◆ Work to be completed:
Give every line of the material back exactly, images removed.

◆ Collected data:
****

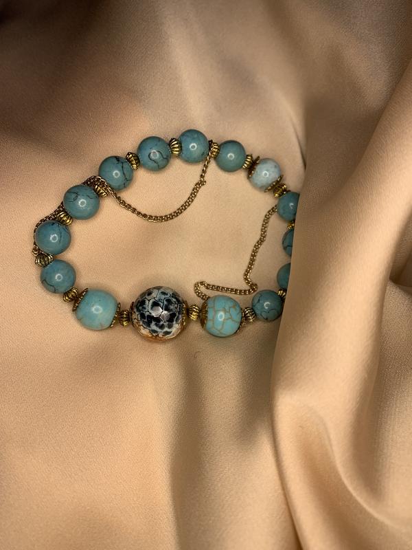Продам браслет из бирюзы Бирюза предохраняет своего владельца от несчастных случаев, опасностей, неудач, от негативной энергии окружающих. Она развивает интуицию, осмотрительность и дальновидность, но в то же время решительность, позволяет контролировать эмоции. Цена браслета - 300 грн
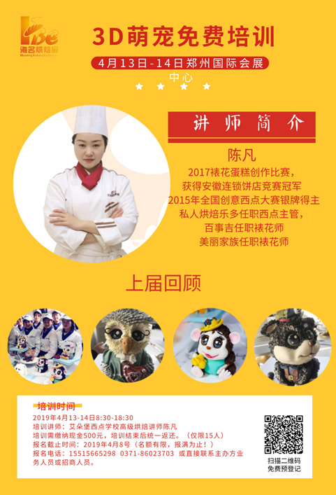 展會現(xiàn)場鄭州烘焙展攜手鄭州艾朵堡西點西餐教育舉辦的為期2天的3D萌寵制作技術(shù)教學(xué)培訓(xùn)將于 4月13日正式開始,參與報名即有機會學(xué)習(xí)最具個性3D萌寵蛋糕制作方法。
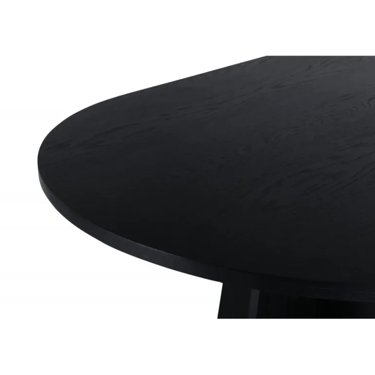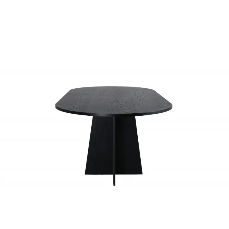 - Unikt design: Oval bordplade i sort MDF med finer.
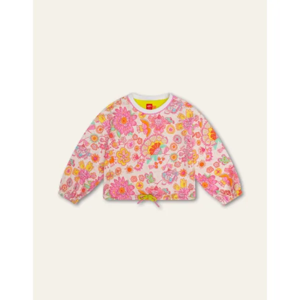 De bloemetjes op deze katoenen losvallende trui zijn van ons Alexi dessin. Een dessin uit 1992 die we opnieuw hebben getekend en ingekleurd om het weer helemaal van nu te maken. - 95% Organic Katoen, 5% Elastaan - Gemaakt in Portugal

****

◆ Answer for the task:
Продам браслет из бирюзы Бирюза предохраняет своего владельца от несчастных случаев, опасностей, неудач, от негативной энергии окружающих. Она развивает интуицию, осмотрительность и дальновидность, но в то же время решительность, позволяет контролировать эмоции. Цена браслета - 300 грн
 展會現(xiàn)場鄭州烘焙展攜手鄭州艾朵堡西點西餐教育舉辦的為期2天的3D萌寵制作技術(shù)教學(xué)培訓(xùn)將于 4月13日正式開始,參與報名即有機會學(xué)習(xí)最具個性3D萌寵蛋糕制作方法。
 - Unikt design: Oval bordplade i sort MDF med finer.
 De bloemetjes op deze katoenen losvallende trui zijn van ons Alexi dessin. Een dessin uit 1992 die we opnieuw hebben getekend en ingekleurd om het weer helemaal van nu te maken. - 95% Organic Katoen, 5% Elastaan - Gemaakt in Portugal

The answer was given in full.